Records excerpted from a collection
__________

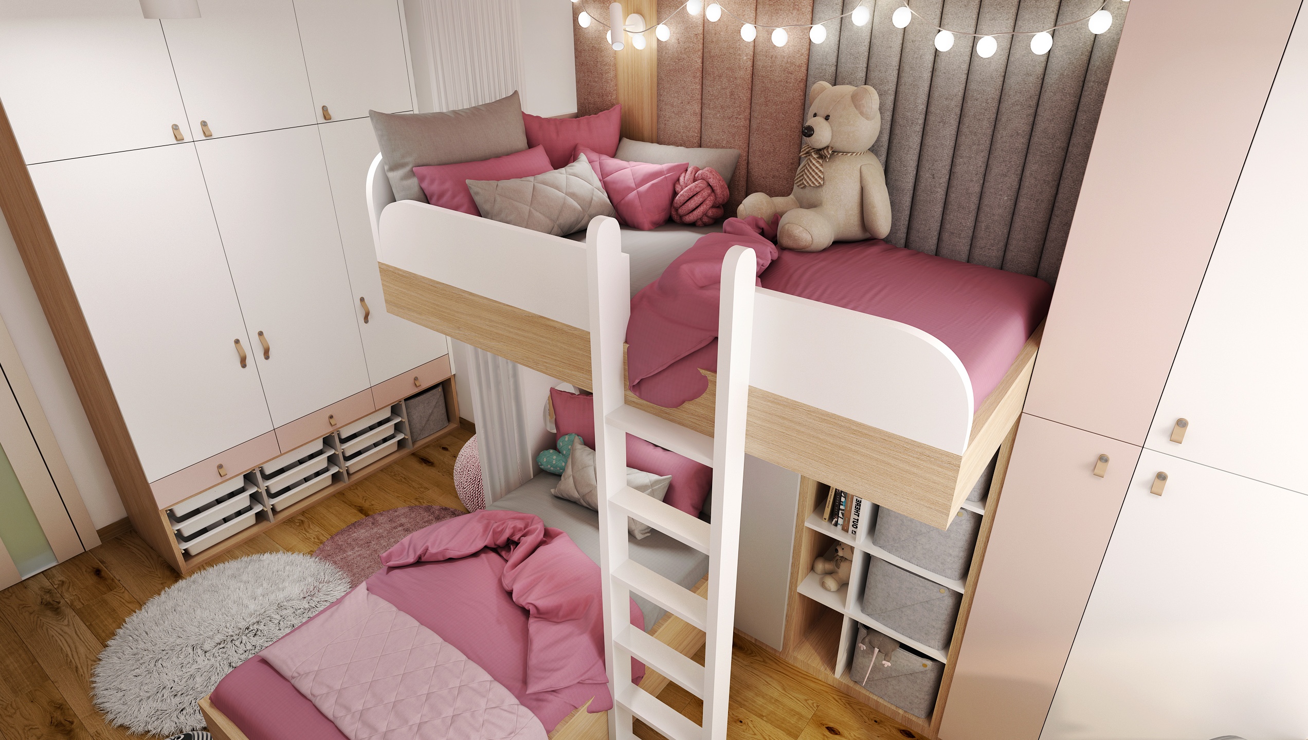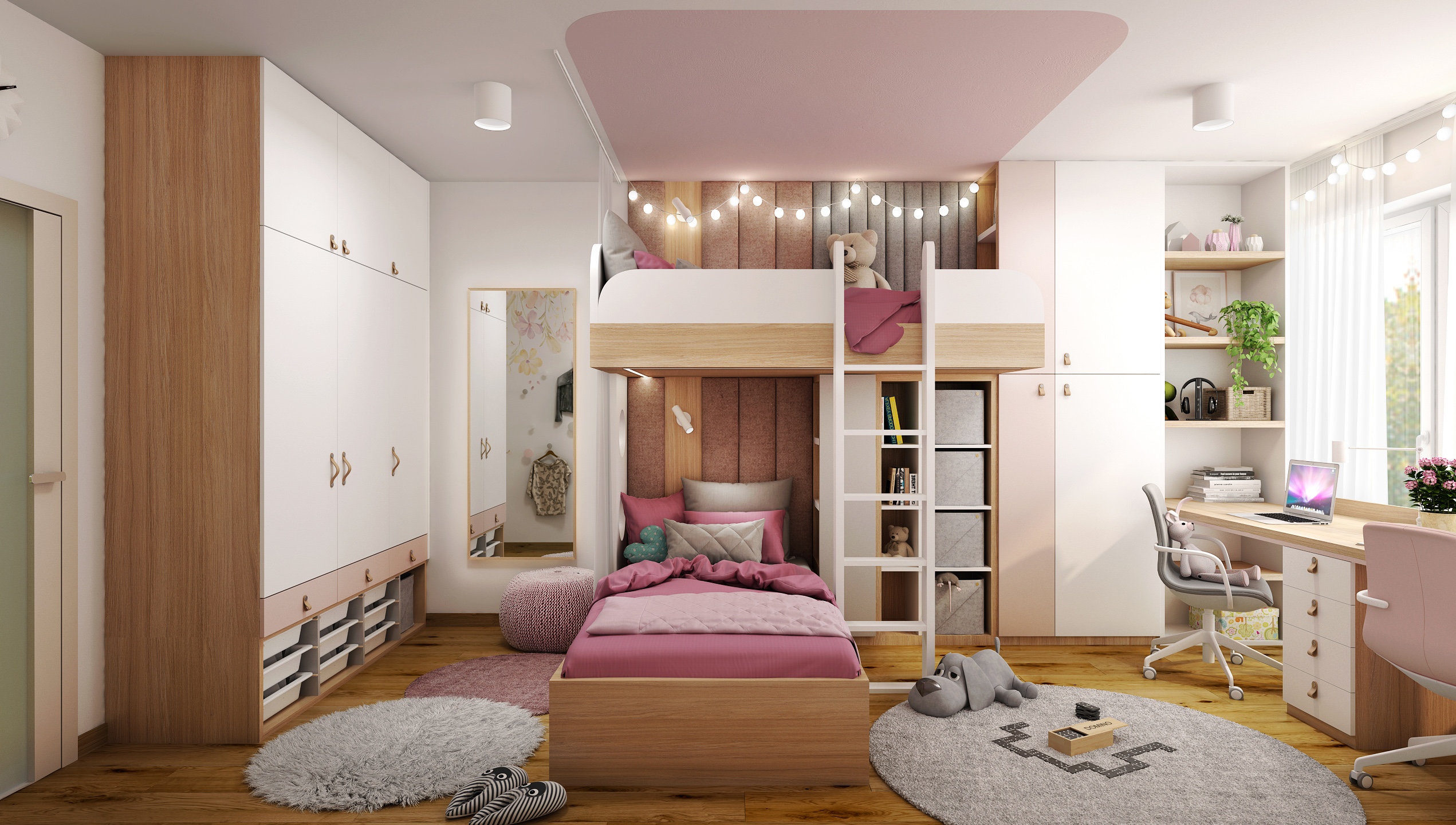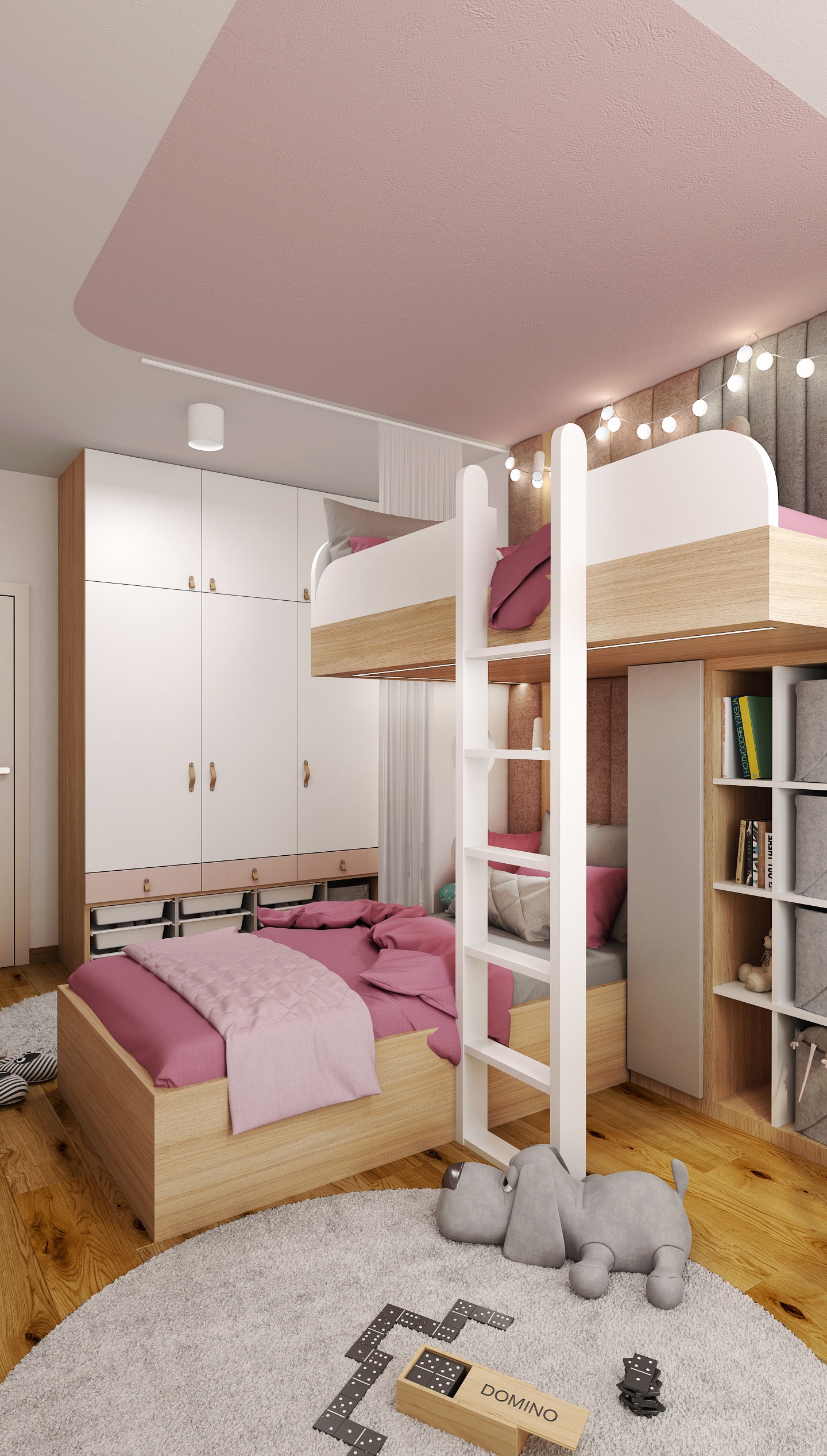 Pokoj je navržen s důrazem na maximální využití prostoru. Dominantním prvkem je patrová postel s dolním lůžkem a horním spaním přístupným po bílé žebříkové konstrukci. Integrované police a úložné boxy poskytují dostatek místa pro knihy, hračky i dekorace.
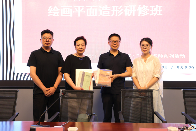开班典礼上,胡明哲老师向365英国美术学院捐赠了由她主编的岩彩绘画语言研究系列书籍和画册。
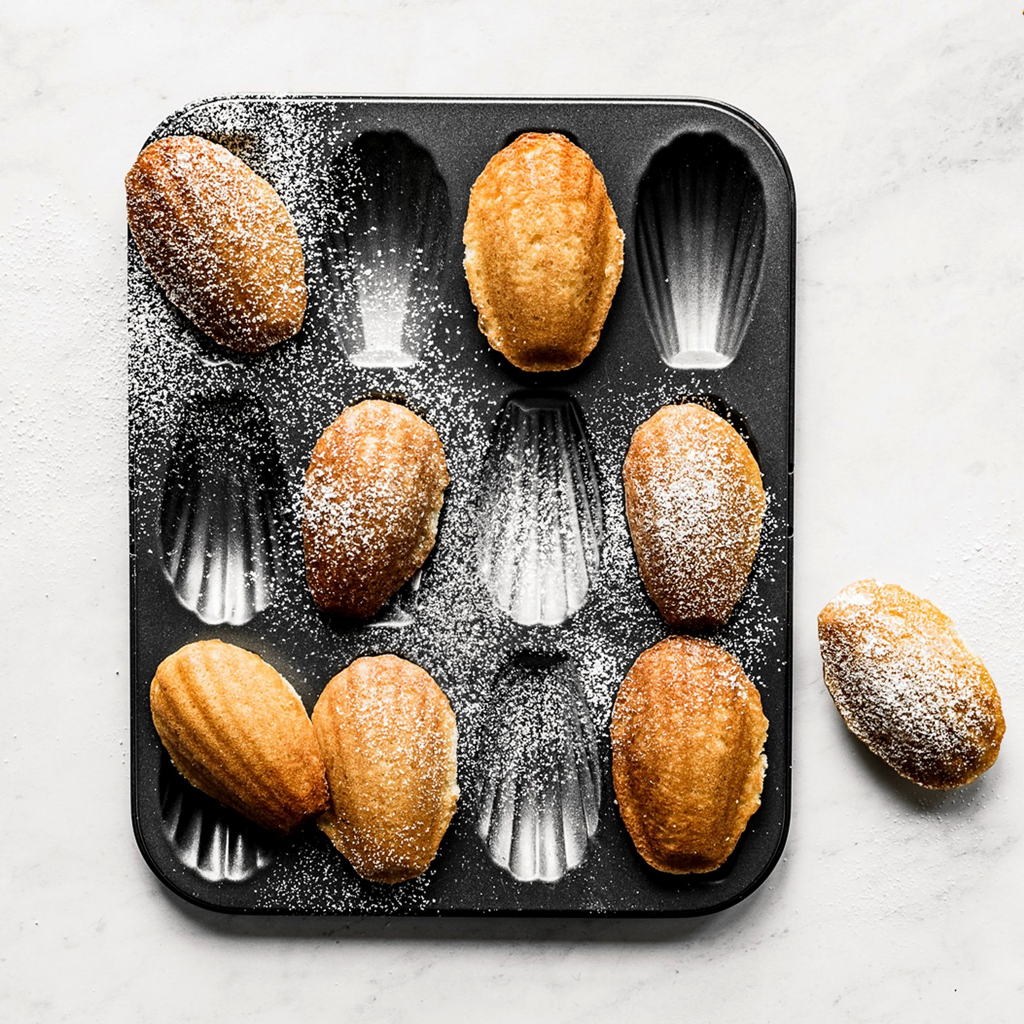 de Buyer - Tray 12 Madeleines - non-stick - Thick-steel heavy tray of 8 moulds for baking individual pastries.
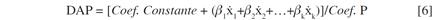 Donde (α) está compuesta por el término constante más el coeficiente de las otras variables multiplicado por el valor medio de la respectiva variable, y (β) es el coeficiente del precio de salida, quedando por tanto que:
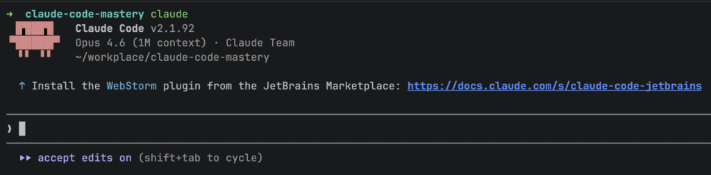 Shift + Tab을 누를 때마다 모드가 순환된다. 순환 순서는 default → acceptEdits → plan 이다
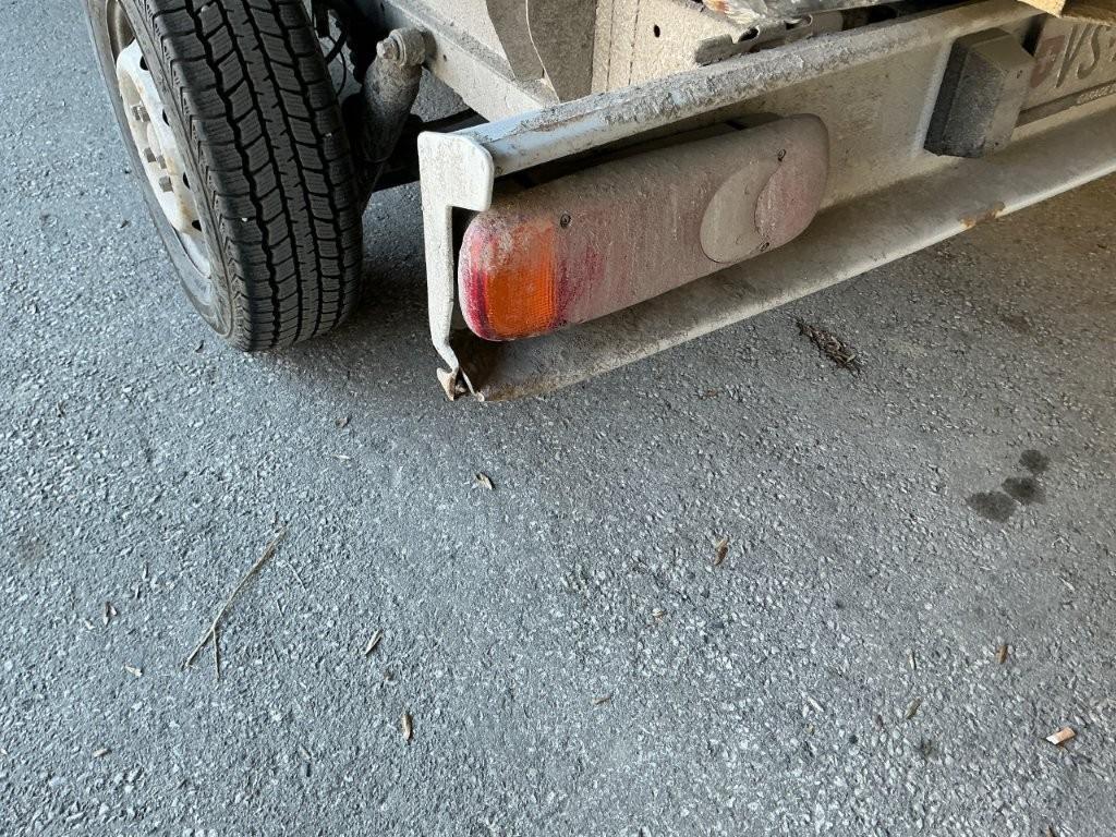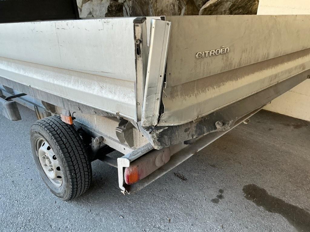Pont arrière maillé, ridelles et faux chassis pliés. Panneau de cabine arrière pied de cabine arrière gauche enfoncés, pare-chocs arr plié, feu arrd cassé.
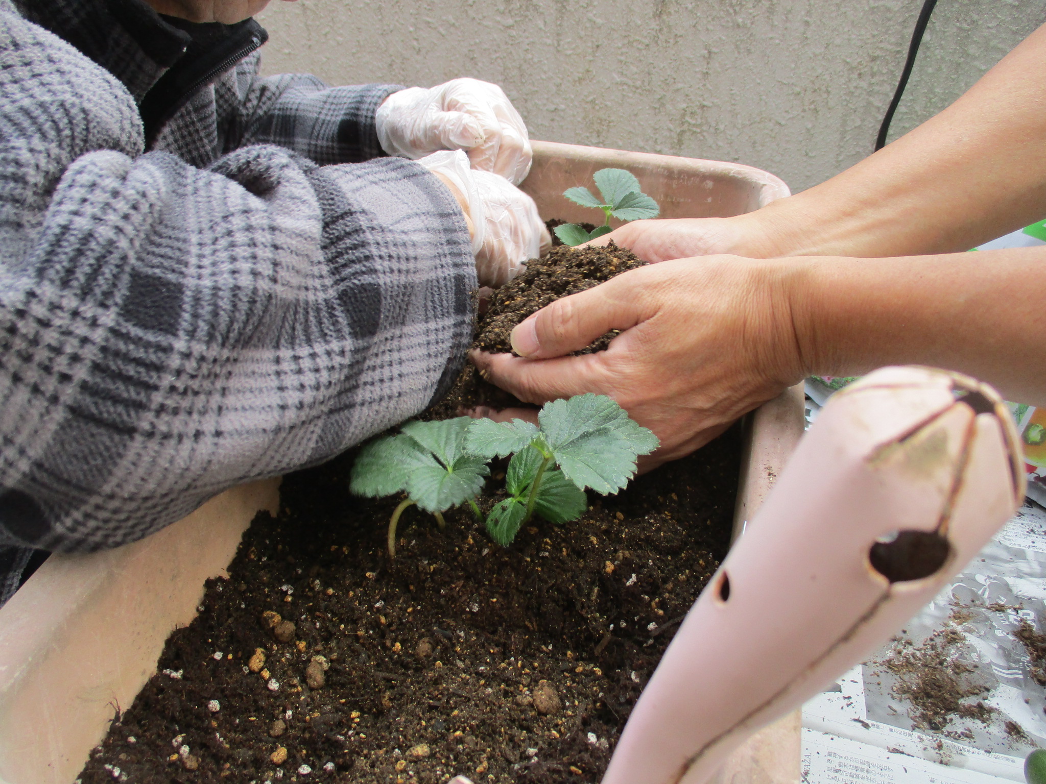 本日は、はぴね横浜の庭で園芸が大好きな入居者様といちごの苗を植えました。
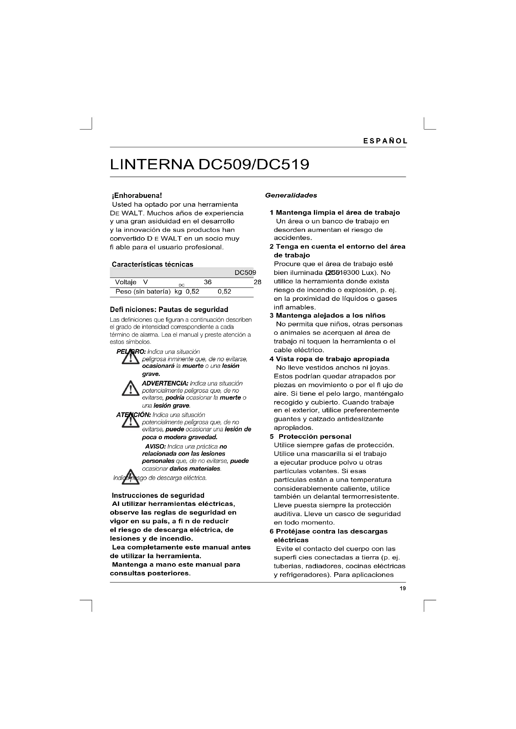 - Tómese el tiempo necesario para leer y comprender este manual antes de utilizar la herramienta. Descripción (fi g. A) ADVERTENCIA: Jamás altere la linterna ni ninguna de sus piezas. Podrían producirse lesiones personales o daños. Uso Previsto Las linternas para trabajos pesados DC509/DC519 han sido diseñadas para funcionar con baterías de 36 V o 28 V y pueden utilizarse como modelo de mano o independiente. NO use la herramienta bajo condiciones de humedad o en presencia de gases o líquidos infl amables. NO permita que los niños tengan contacto con la herramienta. Cuando la hagan funcionar operarios sin experiencia, es necesa-ria su supervisión. 1 Interruptor de marcha/parada 2 Base 3 Tubo fl exible 4 Cabezal 5 Lente 6 Portalente 7 Batería (no incluido) Seguridad eléctrica Compruebe siempre que la potencia de la batería corresponda al valor indicado en la placa de características. Asegúrese también de que la tensión de su cargador corresponda a la tensión de la red.
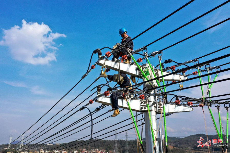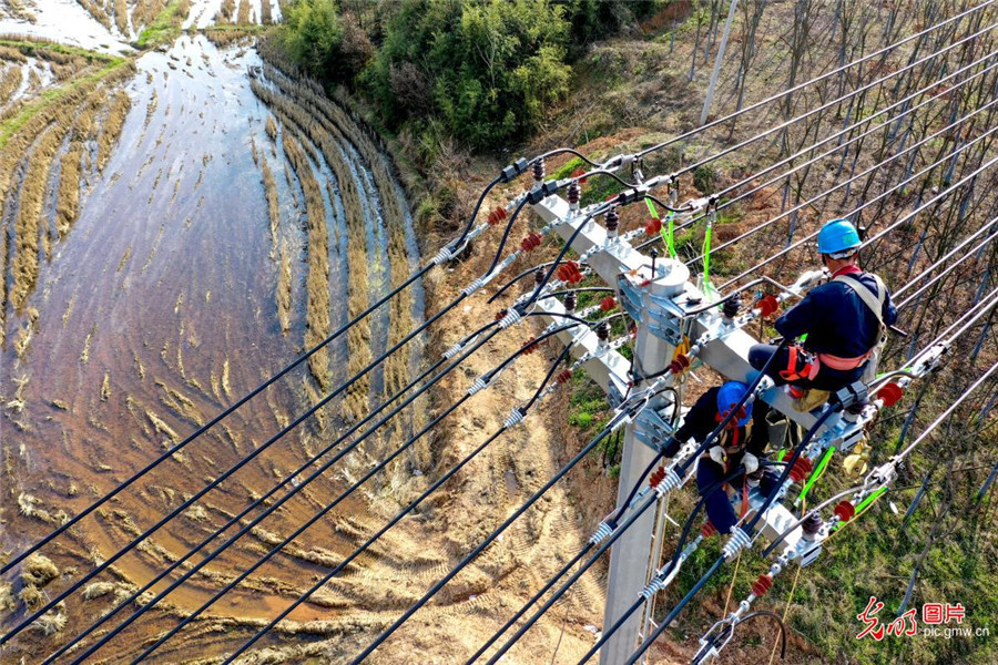 2019年3月14日,為保障農業生產用電安全,安徽省廬江縣供電公司組織210名黨員組成18個"春耕保電服務隊",深入鎮村田間地頭,檢修農灌線路。(左學長攝/光明圖片)
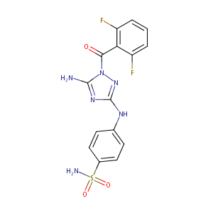 InChI=1S/C15H12F2N6O3S/c16-10-2-1-3-11(17)12(10)13(24)23-14(18)21-15(22-23)20-8-4-6-9(7-5-8)27(19,25)26/h1-7H,(H2,19,25,26)(H3,18,20,21,22)

__________

[DIRECTIONS] Every record above must be repeated exactly, with the pictures dropped.

[TASK SOLUTION]
 Pokoj je navržen s důrazem na maximální využití prostoru. Dominantním prvkem je patrová postel s dolním lůžkem a horním spaním přístupným po bílé žebříkové konstrukci. Integrované police a úložné boxy poskytují dostatek místa pro knihy, hračky i dekorace.
开班典礼上,胡明哲老师向365英国美术学院捐赠了由她主编的岩彩绘画语言研究系列书籍和画册。
 de Buyer - Tray 12 Madeleines - non-stick - Thick-steel heavy tray of 8 moulds for baking individual pastries.
 Donde (α) está compuesta por el término constante más el coeficiente de las otras variables multiplicado por el valor medio de la respectiva variable, y (β) es el coeficiente del precio de salida, quedando por tanto que:
 Shift + Tab을 누를 때마다 모드가 순환된다. 순환 순서는 default → acceptEdits → plan 이다
Pont arrière maillé, ridelles et faux chassis pliés. Panneau de cabine arrière pied de cabine arrière gauche enfoncés, pare-chocs arr plié, feu arrd cassé.
 本日は、はぴね横浜の庭で園芸が大好きな入居者様といちごの苗を植えました。
 - Tómese el tiempo necesario para leer y comprender este manual antes de utilizar la herramienta. Descripción (fi g. A) ADVERTENCIA: Jamás altere la linterna ni ninguna de sus piezas. Podrían producirse lesiones personales o daños. Uso Previsto Las linternas para trabajos pesados DC509/DC519 han sido diseñadas para funcionar con baterías de 36 V o 28 V y pueden utilizarse como modelo de mano o independiente. NO use la herramienta bajo condiciones de humedad o en presencia de gases o líquidos infl amables. NO permita que los niños tengan contacto con la herramienta. Cuando la hagan funcionar operarios sin experiencia, es necesa-ria su supervisión. 1 Interruptor de marcha/parada 2 Base 3 Tubo fl exible 4 Cabezal 5 Lente 6 Portalente 7 Batería (no incluido) Seguridad eléctrica Compruebe siempre que la potencia de la batería corresponda al valor indicado en la placa de características. Asegúrese también de que la tensión de su cargador corresponda a la tensión de la red.
 2019年3月14日,為保障農業生產用電安全,安徽省廬江縣供電公司組織210名黨員組成18個"春耕保電服務隊",深入鎮村田間地頭,檢修農灌線路。(左學長攝/光明圖片)
 InChI=1S/C15H12F2N6O3S/c16-10-2-1-3-11(17)12(10)13(24)23-14(18)21-15(22-23)20-8-4-6-9(7-5-8)27(19,25)26/h1-7H,(H2,19,25,26)(H3,18,20,21,22)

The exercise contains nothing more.